***** Extracted entries
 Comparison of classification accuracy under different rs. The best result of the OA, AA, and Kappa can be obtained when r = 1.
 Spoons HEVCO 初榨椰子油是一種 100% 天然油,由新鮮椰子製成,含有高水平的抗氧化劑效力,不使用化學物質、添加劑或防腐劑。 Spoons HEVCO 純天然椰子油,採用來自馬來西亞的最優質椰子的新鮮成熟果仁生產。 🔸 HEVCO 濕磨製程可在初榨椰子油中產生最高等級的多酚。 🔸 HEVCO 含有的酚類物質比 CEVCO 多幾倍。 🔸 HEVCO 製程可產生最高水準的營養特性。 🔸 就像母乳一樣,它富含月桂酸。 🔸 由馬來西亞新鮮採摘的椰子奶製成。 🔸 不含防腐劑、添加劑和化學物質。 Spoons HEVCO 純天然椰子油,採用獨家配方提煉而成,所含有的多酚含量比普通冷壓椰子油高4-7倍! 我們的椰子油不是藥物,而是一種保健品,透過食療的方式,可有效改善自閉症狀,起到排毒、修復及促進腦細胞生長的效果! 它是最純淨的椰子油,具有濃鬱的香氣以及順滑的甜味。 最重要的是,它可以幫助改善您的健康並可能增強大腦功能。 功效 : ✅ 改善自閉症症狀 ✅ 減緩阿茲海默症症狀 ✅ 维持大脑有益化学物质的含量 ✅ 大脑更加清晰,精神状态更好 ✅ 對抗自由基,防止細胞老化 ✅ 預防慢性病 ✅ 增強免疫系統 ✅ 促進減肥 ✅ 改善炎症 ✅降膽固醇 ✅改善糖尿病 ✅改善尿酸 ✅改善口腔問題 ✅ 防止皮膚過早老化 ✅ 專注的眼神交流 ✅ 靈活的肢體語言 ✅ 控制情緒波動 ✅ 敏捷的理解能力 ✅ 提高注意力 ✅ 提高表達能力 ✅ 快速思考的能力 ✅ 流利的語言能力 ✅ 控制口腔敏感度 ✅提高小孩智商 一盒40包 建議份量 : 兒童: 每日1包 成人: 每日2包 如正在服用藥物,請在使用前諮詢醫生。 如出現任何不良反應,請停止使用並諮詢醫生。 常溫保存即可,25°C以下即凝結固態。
**********
***** Extracted entries
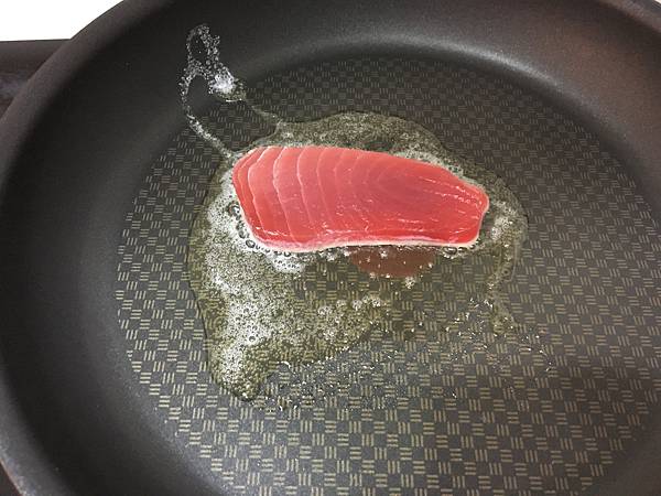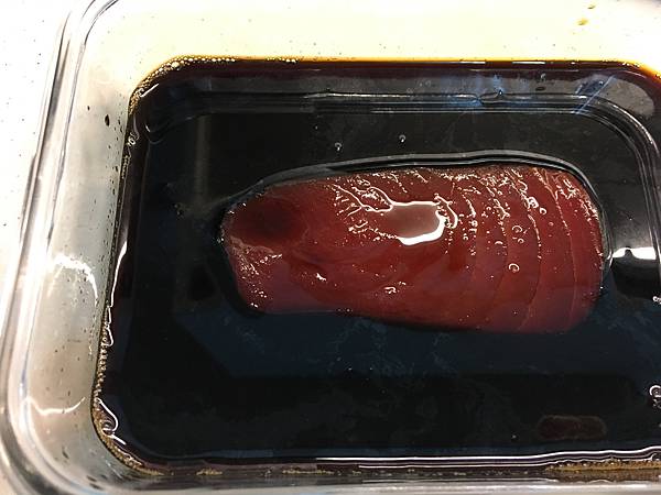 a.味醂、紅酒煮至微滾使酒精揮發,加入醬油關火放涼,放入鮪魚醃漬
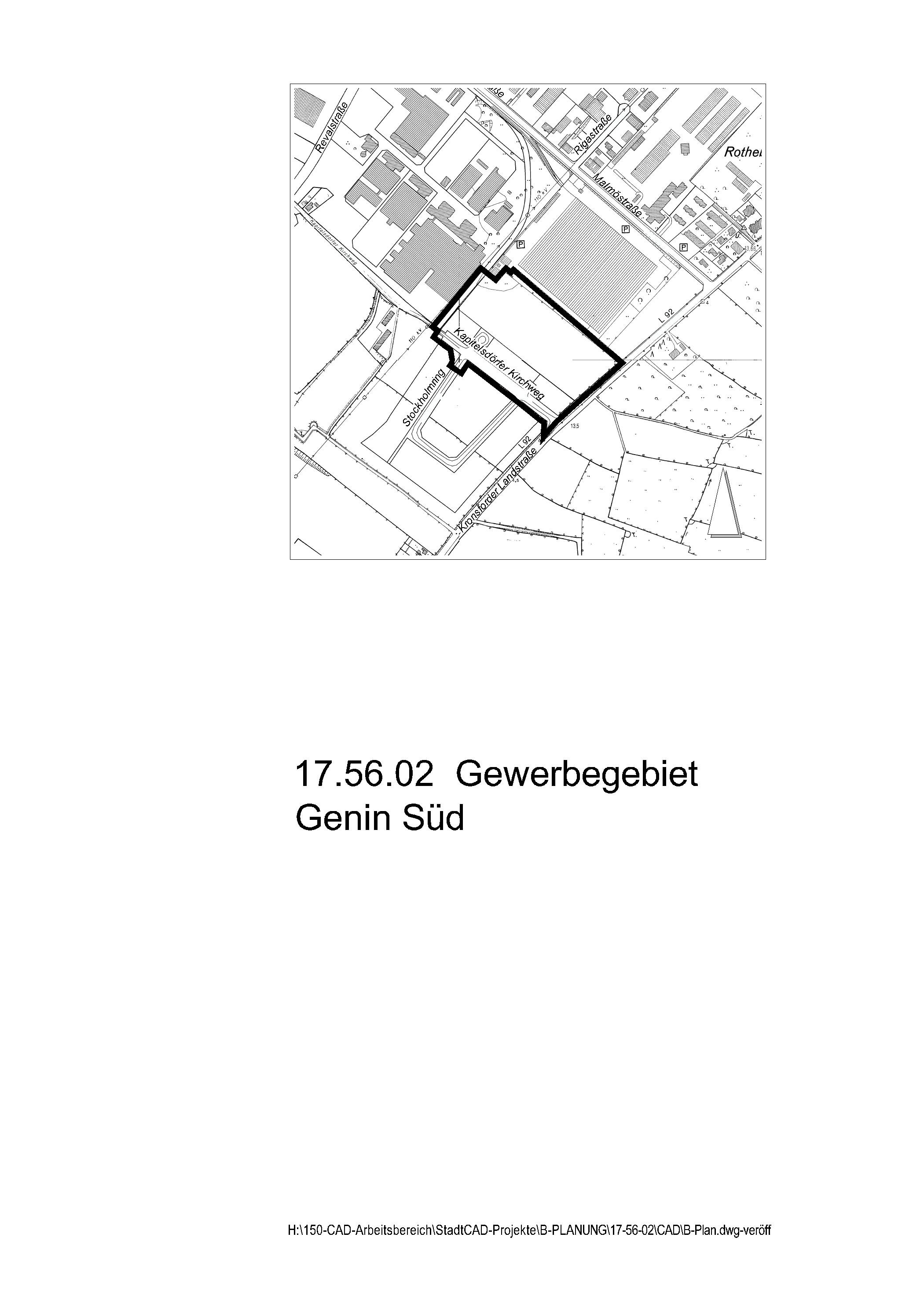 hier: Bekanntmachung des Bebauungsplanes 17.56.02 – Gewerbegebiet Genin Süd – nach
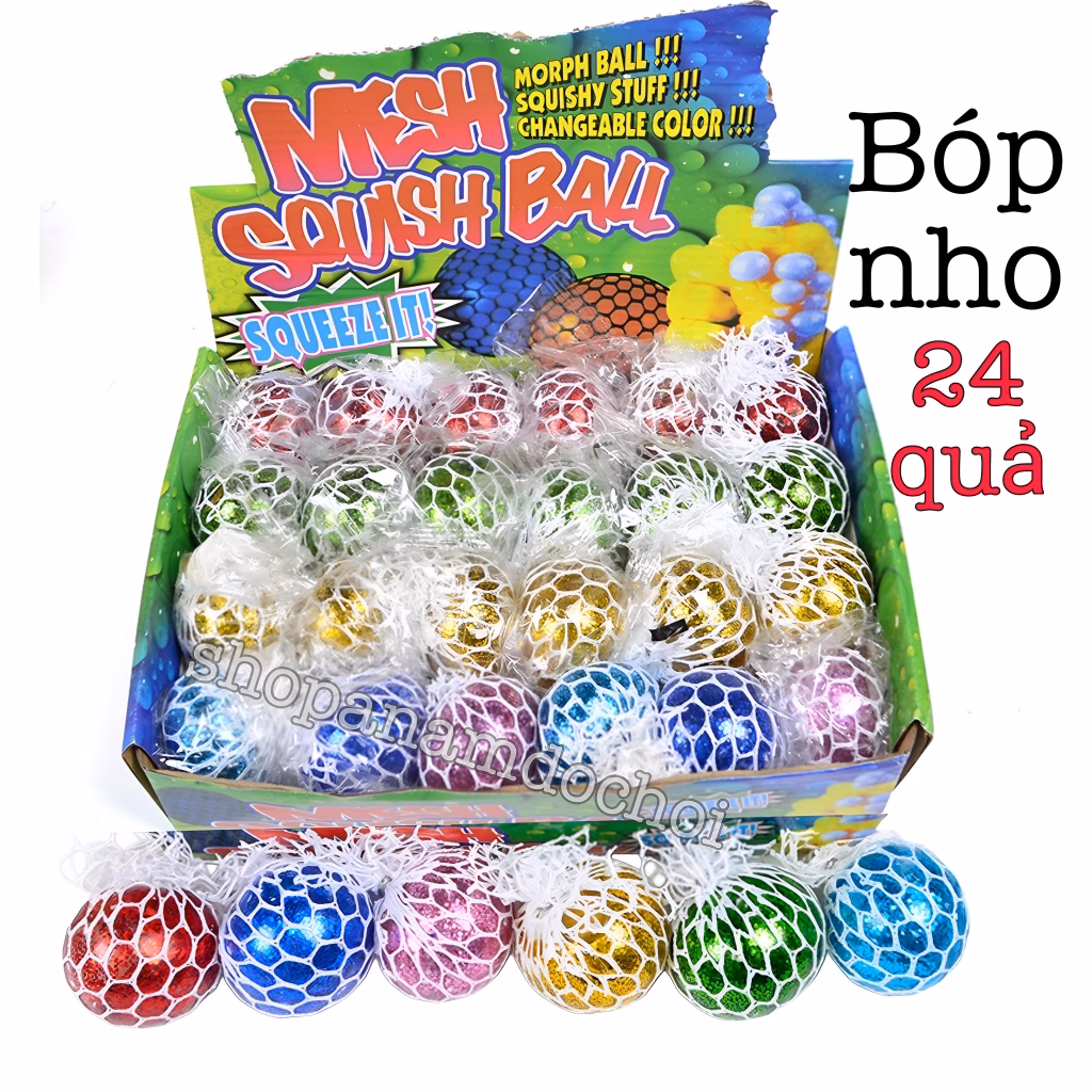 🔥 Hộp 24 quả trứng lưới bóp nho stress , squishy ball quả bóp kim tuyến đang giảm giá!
**********
Exercise requirements - Reproduce exactly the entries above, limited to the lines from the one with "Comparison of classification" through the one with "Spoons HEVCO 初榨椰子油是一種", both included.

Written response -
 Comparison of classification accuracy under different rs. The best result of the OA, AA, and Kappa can be obtained when r = 1.
 Spoons HEVCO 初榨椰子油是一種 100% 天然油,由新鮮椰子製成,含有高水平的抗氧化劑效力,不使用化學物質、添加劑或防腐劑。 Spoons HEVCO 純天然椰子油,採用來自馬來西亞的最優質椰子的新鮮成熟果仁生產。 🔸 HEVCO 濕磨製程可在初榨椰子油中產生最高等級的多酚。 🔸 HEVCO 含有的酚類物質比 CEVCO 多幾倍。 🔸 HEVCO 製程可產生最高水準的營養特性。 🔸 就像母乳一樣,它富含月桂酸。 🔸 由馬來西亞新鮮採摘的椰子奶製成。 🔸 不含防腐劑、添加劑和化學物質。 Spoons HEVCO 純天然椰子油,採用獨家配方提煉而成,所含有的多酚含量比普通冷壓椰子油高4-7倍! 我們的椰子油不是藥物,而是一種保健品,透過食療的方式,可有效改善自閉症狀,起到排毒、修復及促進腦細胞生長的效果! 它是最純淨的椰子油,具有濃鬱的香氣以及順滑的甜味。 最重要的是,它可以幫助改善您的健康並可能增強大腦功能。 功效 : ✅ 改善自閉症症狀 ✅ 減緩阿茲海默症症狀 ✅ 维持大脑有益化学物质的含量 ✅ 大脑更加清晰,精神状态更好 ✅ 對抗自由基,防止細胞老化 ✅ 預防慢性病 ✅ 增強免疫系統 ✅ 促進減肥 ✅ 改善炎症 ✅降膽固醇 ✅改善糖尿病 ✅改善尿酸 ✅改善口腔問題 ✅ 防止皮膚過早老化 ✅ 專注的眼神交流 ✅ 靈活的肢體語言 ✅ 控制情緒波動 ✅ 敏捷的理解能力 ✅ 提高注意力 ✅ 提高表達能力 ✅ 快速思考的能力 ✅ 流利的語言能力 ✅ 控制口腔敏感度 ✅提高小孩智商 一盒40包 建議份量 : 兒童: 每日1包 成人: 每日2包 如正在服用藥物,請在使用前諮詢醫生。 如出現任何不良反應,請停止使用並諮詢醫生。 常溫保存即可,25°C以下即凝結固態。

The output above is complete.